Lots of amicus briefs have been filed for and against former President Trump’s claims of immunity from prosecution for his actions on January 6 in Trump v. United States. Among the more interesting briefs filed on behalf of respondents is an amicus brief for Stephen McAllister and Scott Paul (with Erik Jaffe and James Heilpern on brief as counsel) argues that existing precedents on presidential immunity lack a textual basis and that, if the Supreme Court’s majority is to be as textualist as it purports to be, it should not extend or build upon this non-textual precedent.
Here is the brief’s summary:
Amici agree with Respondent and the panel below regarding the question presented that Presidents, like all other citizens, are not immune from the consequences of violating federal criminal law. Amici take no position here on any potential legal questions antecedent or subsequent to the question presented. And they take no position on whether the facts and the law will ultimately result in conviction, acquittal, or dismissal on other grounds.
Amici write separately to emphasize how Petitioner’s claims of immunity lack any basis in the Constitution’s text. Indeed, Petitioner’s claims flout this Court’s repeated and recently enhanced emphasis on looking to the original meaning of such text, as interpreted by history and tradition, rather than relying on penumbras, emanations, reading between the lines, historical practices not incorporated into the text, or, ultimately, the policy preferences and balancing of judges imposed upon such Rorschach-like non-textual approaches.
It has been the decades-long project of conservative jurisprudence to get away from such subjective and malleable approaches to constitutional and statutory interpretation, and this case is not the place to backslide on such jurisprudential principles. Alleged violations of federal criminal law are not discretionary choices left to the President by the Constitution or statute. Even Presidents must be legally accountable for violations of the laws they are sworn to faithfully execute.
The Constitution itself provides no textual basis for Presidential immunity from federal criminal laws. When Petitioner cites actual constitutional provisions, he either invokes the strained implications— penumbras and emanations, perhaps—of clauses that say nothing about immunity, or gets things exactly backwards. When it comes to text, reading is fundamental.
The mere vesting of executive authority says nothing about immunity when such authority is abused or exercised in violation of laws enacted pursuant to Congress’ legislative authority. Nothing in the text suggests it is left to the discretion of the President to violate federal or constitutional commands and limitations. And nothing in the text precludes the executive branch from deciding whether to lawfully prosecute previous Presidential violations of the law in the federal courts.
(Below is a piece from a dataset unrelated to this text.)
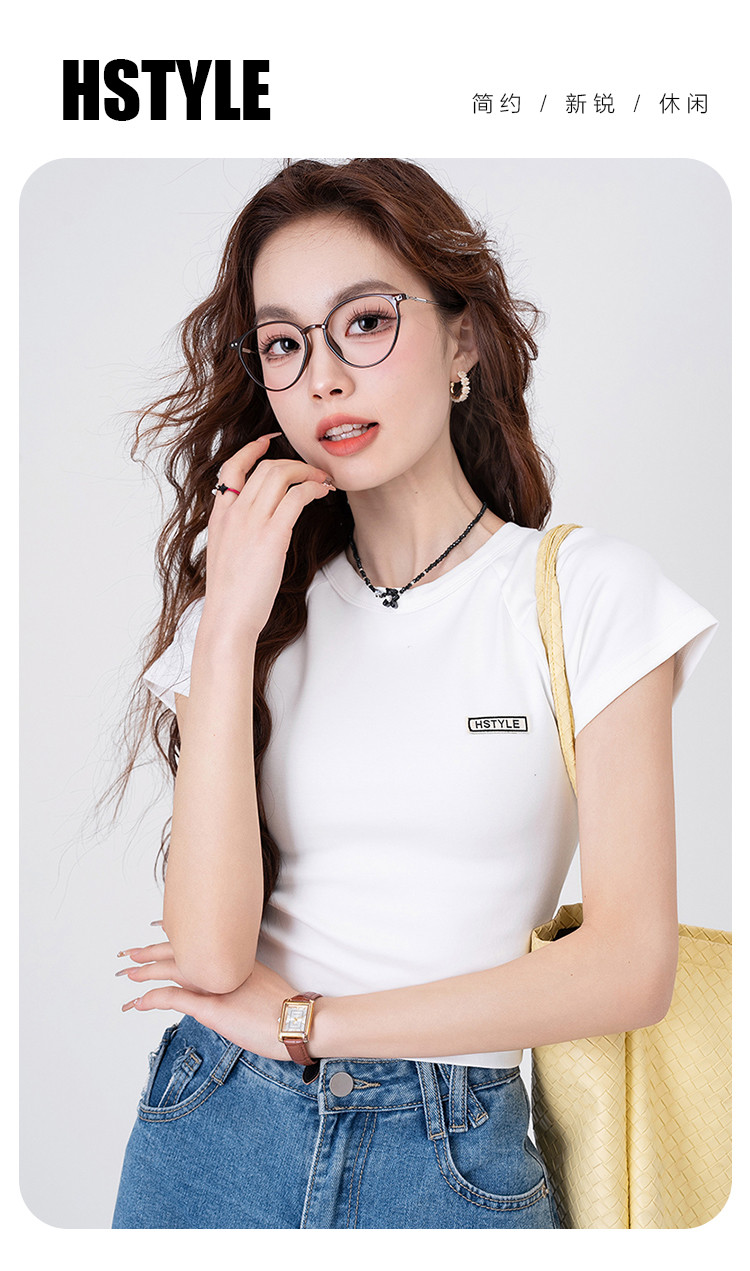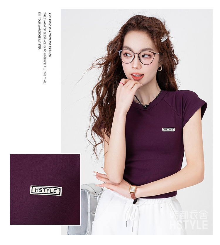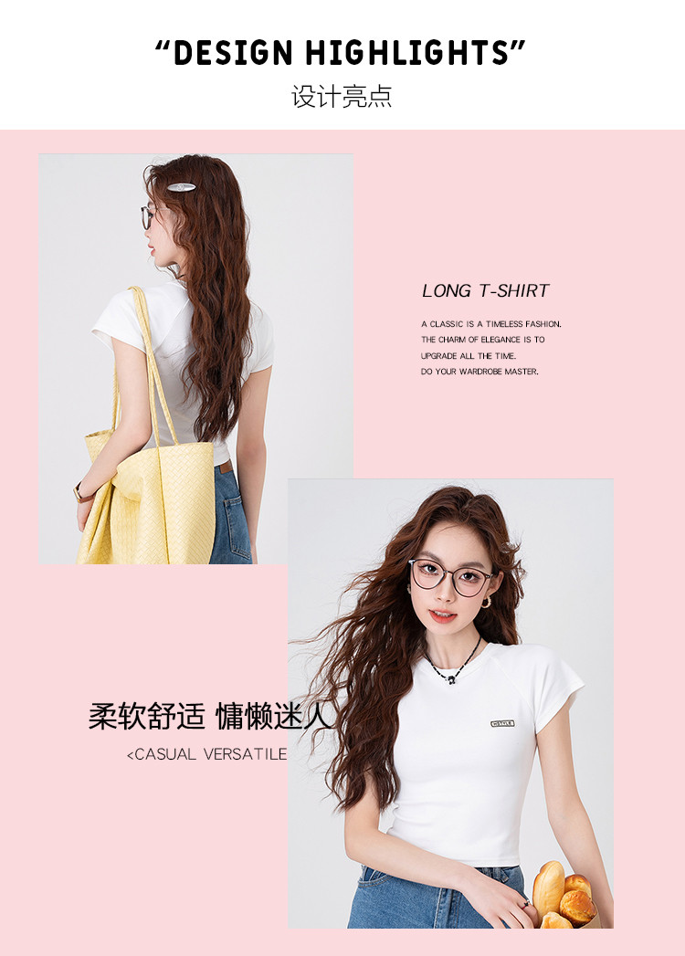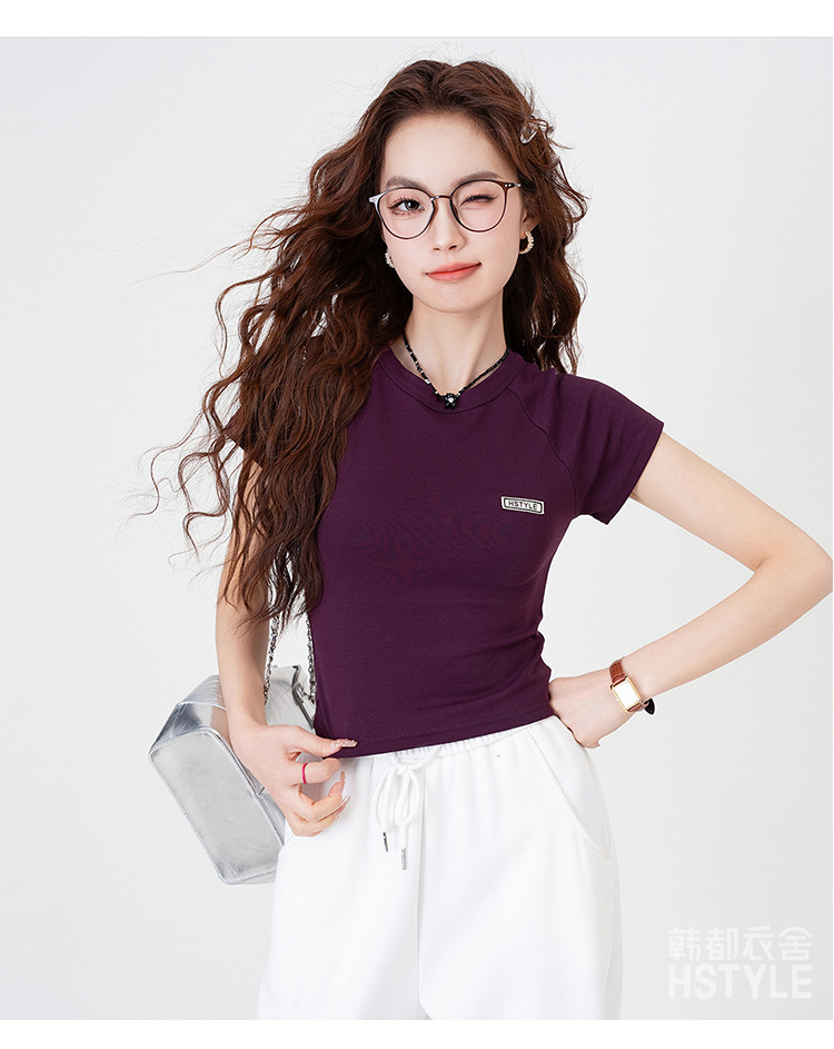商品名称:圆领女式t恤夏季短款修身短袖女士纯色上衣女打底 447563

The Impeachment and Impeachment Judgment Clauses likewise provide no immunity to Presidents and do not establish a condition precedent for prosecution. Indeed, the Impeachment Judgment Clause supports exactly the opposite conclusion, serving as a negation of any imagined double jeopardy constraints based on conviction by the Senate. In doing so it confirms that ordinary legal accountability against Presidents is the default legal regime that is not to be displaced regardless of the outcome of impeachment and trial.
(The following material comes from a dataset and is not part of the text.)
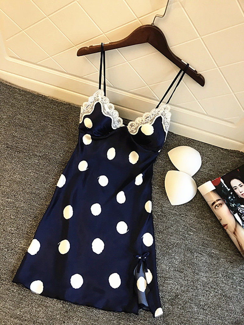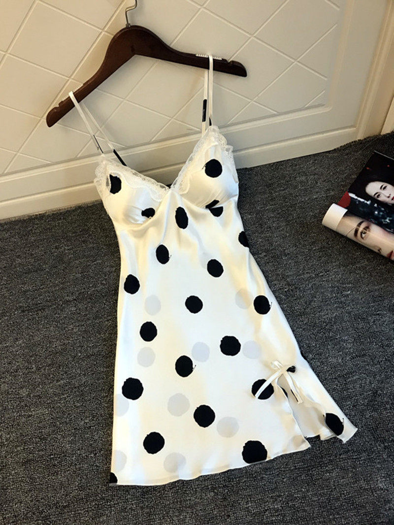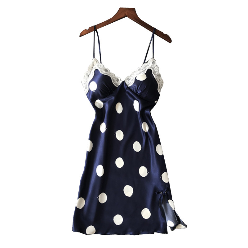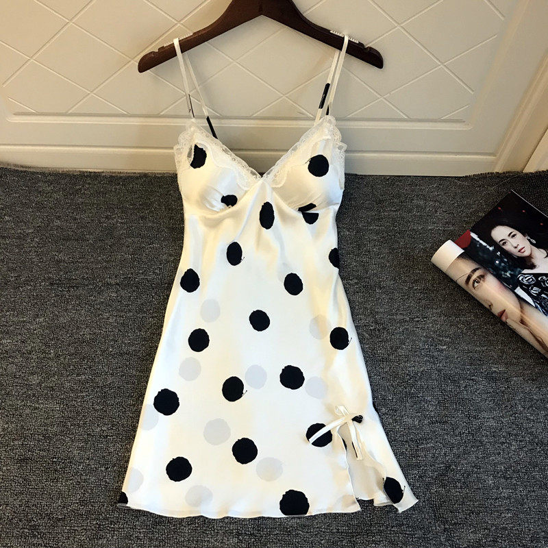 Japanese sling pajamas women's lace thin section sexy belt chest pad small chest gathered v-neck summer ice silk wave point nightdress

Structural concerns and other provisions of the Constitution likewise do not support presidential immunity from federal criminal law. The mere delegation of power does not imply absolute discretion in its exercise, and other so-called structural arguments amount to little more than policy arguments regarding which courts are not the proper arbiters. And, where the Constitution intended immunity for elected officials, it said so explicitly and with built-in limitations, such as in the Speech and Debate Clause, providing specific, but certainly not absolute, immunity to Senators and Representatives. The absence of a comparable provision for Presidents and other executive officers should be more than sufficient to dispose of Petitioner’s claimed immunity.
Unable to point to any immunity provision in the Constitution itself, Petitioner relies on older precedent based upon the very methodologies now viewed as illegitimate. While others will discuss the finer points of this Court’s past precedent and why it does not apply to this case, Amici here merely note that such precedent lacks any coherent textual basis and, at a minimum, should not be extended further.
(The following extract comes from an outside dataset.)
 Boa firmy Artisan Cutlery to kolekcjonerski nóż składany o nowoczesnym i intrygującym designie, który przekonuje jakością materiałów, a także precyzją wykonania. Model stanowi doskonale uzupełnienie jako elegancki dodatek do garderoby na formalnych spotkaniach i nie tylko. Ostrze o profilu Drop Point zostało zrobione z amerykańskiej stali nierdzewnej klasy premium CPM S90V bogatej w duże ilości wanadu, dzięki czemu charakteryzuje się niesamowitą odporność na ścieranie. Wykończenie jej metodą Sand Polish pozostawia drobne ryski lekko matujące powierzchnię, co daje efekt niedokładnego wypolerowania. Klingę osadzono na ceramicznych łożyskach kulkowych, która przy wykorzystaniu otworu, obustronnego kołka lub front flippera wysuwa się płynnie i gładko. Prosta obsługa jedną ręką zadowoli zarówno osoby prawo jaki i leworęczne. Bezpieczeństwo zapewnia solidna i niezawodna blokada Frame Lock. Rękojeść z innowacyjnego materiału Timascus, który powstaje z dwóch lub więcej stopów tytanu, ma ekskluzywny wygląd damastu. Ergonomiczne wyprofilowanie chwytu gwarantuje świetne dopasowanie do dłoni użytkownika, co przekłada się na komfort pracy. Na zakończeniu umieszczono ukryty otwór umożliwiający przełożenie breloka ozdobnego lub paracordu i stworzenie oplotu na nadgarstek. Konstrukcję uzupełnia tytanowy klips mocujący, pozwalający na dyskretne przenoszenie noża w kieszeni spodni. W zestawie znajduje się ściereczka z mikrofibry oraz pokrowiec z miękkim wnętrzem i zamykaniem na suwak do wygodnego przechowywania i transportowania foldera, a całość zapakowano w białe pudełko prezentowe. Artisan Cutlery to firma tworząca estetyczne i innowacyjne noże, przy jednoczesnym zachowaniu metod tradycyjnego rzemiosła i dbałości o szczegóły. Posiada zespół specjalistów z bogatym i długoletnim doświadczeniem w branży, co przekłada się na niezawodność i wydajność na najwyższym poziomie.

Finally, this Court should resist any policy urges to invent immunities for the President and instead hold that the agent of the People charged with faithfully executing the laws is also subject to those self-same laws and will not be given a free pass out of fear for the consequences of applying the Constitution as written. If there is a problem with perceived risk to future Presidents, it is Congress, via legislation, that is best suited to strike that balance and provide any limited immunity it might deem appropriate. While there are legitimate differences of opinion regarding the proper balance between rule of law versus executive timidity, it is decidedly not the role of this Court to strike that balance.
Insofar as the Court insists on drawing lines, however, it should take a narrow view of what presidential conduct is “discretionary” and hold that even otherwise “official” conduct that violates federal criminal law is ultra vires and hence neither discretionary nor immunized from the criminal consequences of such violation. Indeed, the constitutional command that a President “take Care that the Laws be faithfully executed” provides as good a basis as any for holding, at a minimum, that intentional or reckless violations of federal criminal laws are not part of the “faithful[]” execution of the laws and not entitled to immunity. The alternative proposed by Petitioner would lead to absurd results or subjective and policy-driven judicial determinations of what conduct goes too far beyond the “outer bounds” of official action.